To check haplogroup motifs on real data, full mitogenomes were collected from Phylotree (N = 24,275 with 17 additional updates from GenBank listed in Table S1) and extended by quality-controlled mitogenomes of the mtDNA database EMPOP (https://empop.online, accessed on 5 May 2021; [16]; N = 3432). All mitogenome sequences with a length shorter than 16,539 bp (30 bp less than the standard length of 16,569 bp) or harboring more than nine ambiguous symbols (e.g., N, Y, M) were excluded. Previous editing of Phylotree mitogenomes [17] were corrected and problematic sequences listed in [17] were not used. That also includes mitogenomes KC993967.1, HM436818.1, HM436819.1 and Young__BJ109 that represent an implausibly large number of yet unreported variants. Thus, the database of vetted full mitogenomes included 22,603 mitogenomes from Phylotree and 3408 mitogenomes from EMPOP, which add up to a total of 26,011 mitogenomes with 22,801 different haplotypes.

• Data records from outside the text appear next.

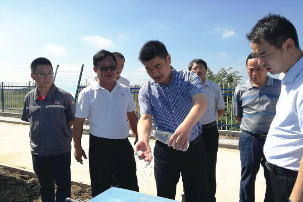 和縣縣委書記戴瑞(前排左二)視察功橋鎮污水處理站今日上午9點,和縣縣委書記戴瑞、副縣長張宏明及和縣城鄉建設指揮部辦公室、和縣環保局等領導一行蒞臨華騏環保功橋鎮污水…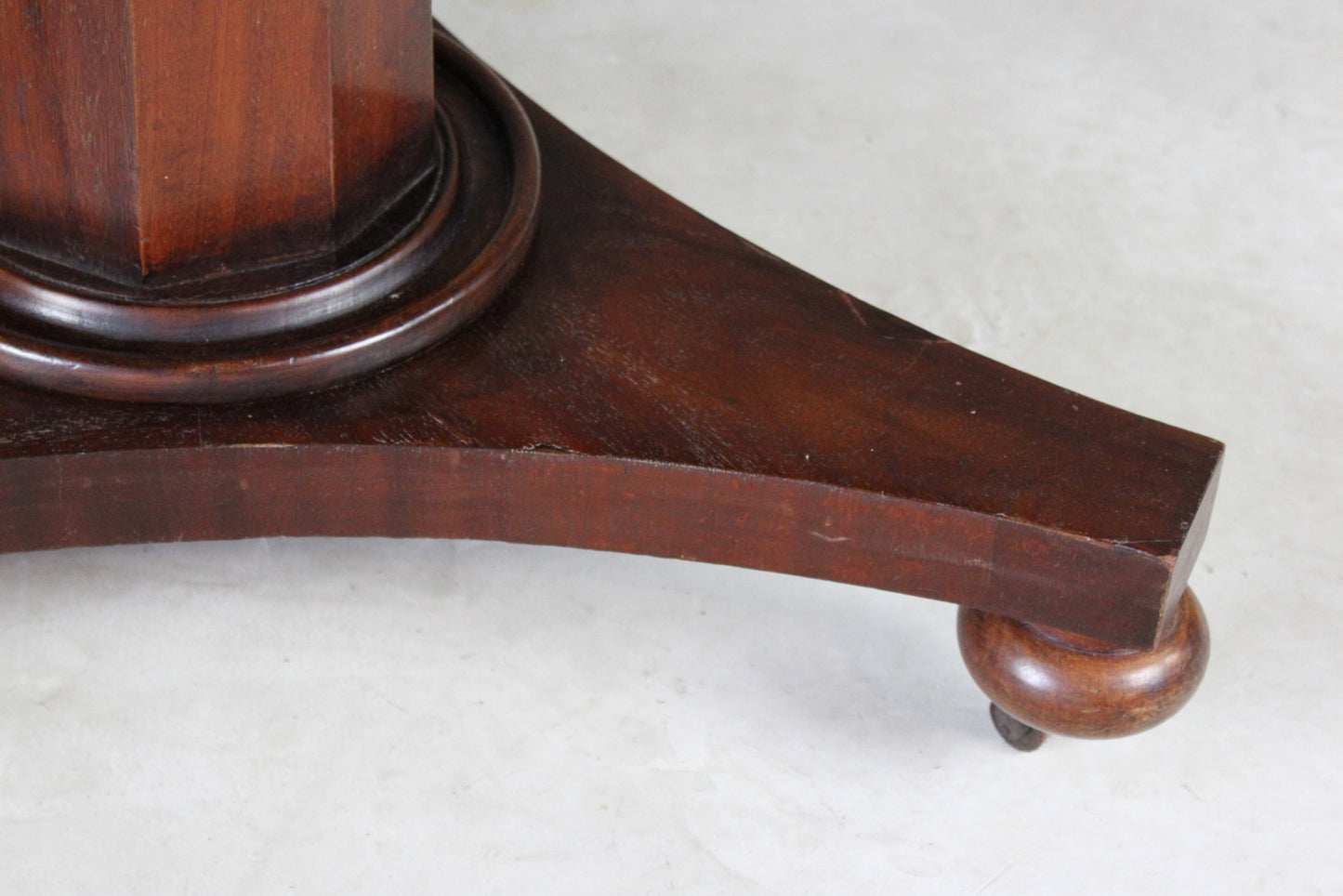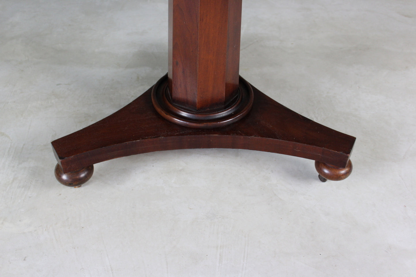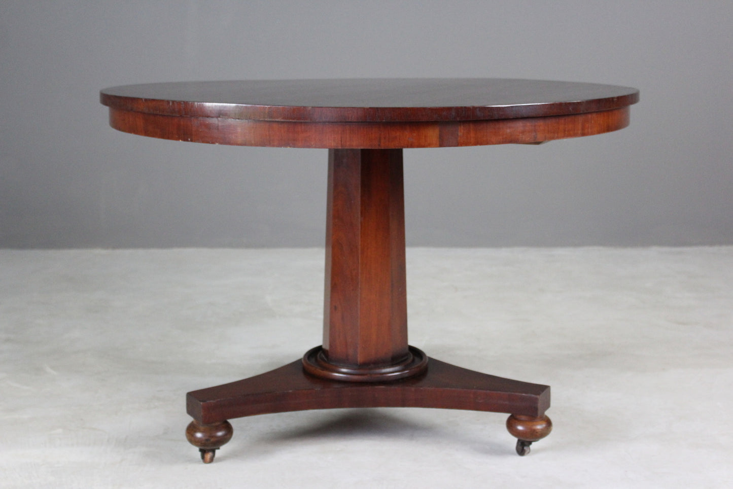 Victorian round tilt top. Antique round breakfast table, mahogany veneer with octagonal column on triform base and small bun feet and castors.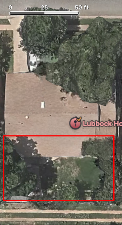 The red box roughly highlights the back yard section. And if the satellite distance reference is accurate, I calculate my pen to have been about 3000 sq ft. Or ~0.07 acres.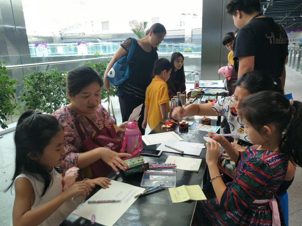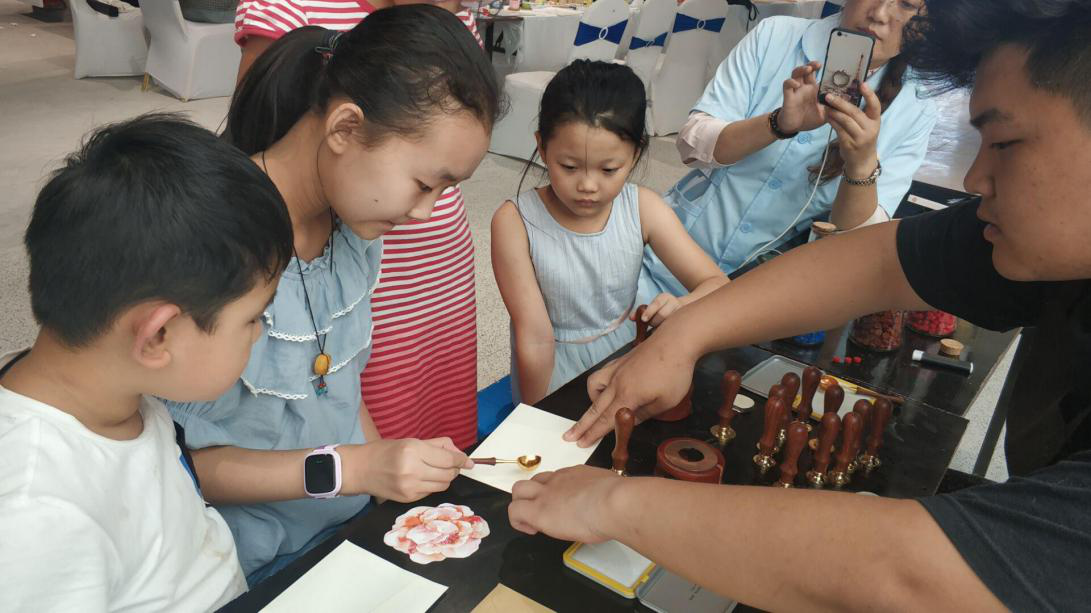 活动分为两个展区,十楼展区陈列着各种绘画、雕刻、缝纫、编制等手工艺品。beat365官网展位位于十一楼体验区,由于本次活动临近教师节,beat365官网借此之际推出时光邮寄、教师节贺卡+火器蜡封信体验。火器蜡封信是我国古代传统的封信方式,在让学生体验传统文化的同时能够将浓浓的爱意送给自己的恩师。

3.2. Revising Haplogroup Motifs

The original haplogroup motifs included in Phylotree, build 17 (short PT17 motifs) from 18 February 2016 were revised in five consecutive steps. A complete list of the revised PT17 motifs is given in Table S2.

First, for each haplogroup of PT17, the diagnostic mutations depicted on the tree were translated into EMPOP format and presented as differences to the rCRS. For optional mutations denoted by parentheses on Phylotree branches, ambiguous symbols from the IUPAC code were used, e.g., 16092Y for the optional transition 16092C in haplogroup U2e2. As Phylotree disregards C-insertions at 309 or 315, AC-indels at 515–522, A/C-transversions at 16182 or 16183, C-insertions at 16193 and the C/T-transition at 16519, the PT17 motifs were completed to represent the common full haplotype of the reviewed mitogenomes in all haplogroups. All PT17 motifs were supplemented with 16519Y to ignore the frequent transition T16519C that is not captured in PT17, except for haplogroup B2m bearing 16519A. For all PT17 motifs, the possible insertion 315.1c (c denoting C or gap) was added because the insertion 315.1C is highly abundant, e.g., it is present in almost all EMPOP profiles without long C-stretch (99.53%). All PT17 motifs were extended by the notation 16182M 16183M except for haplogroup B4a1a1a16 bearing 16182T, where only 18183M was added. For PT17 motifs with ambiguous insertions denoted by .XC in Phylotree the dominant type was chosen, as suggested in the revised mtDNA interpretation guidelines published by the International Society for Forensic Genetics (ISFG; [18]).

Second, 23 PT17 motifs were realigned following the rules described in [13,15]. Table 5 shows the affected haplogroups, the number of motifs, if subhaplogroups were included, and the realignments.

Third, 24 PT17 motifs were modified to comply with the reviewed full mitogenomes. Table 6 lists the concerned haplogroups, the edits and the relative frequencies of the mutations in the different haplotypes.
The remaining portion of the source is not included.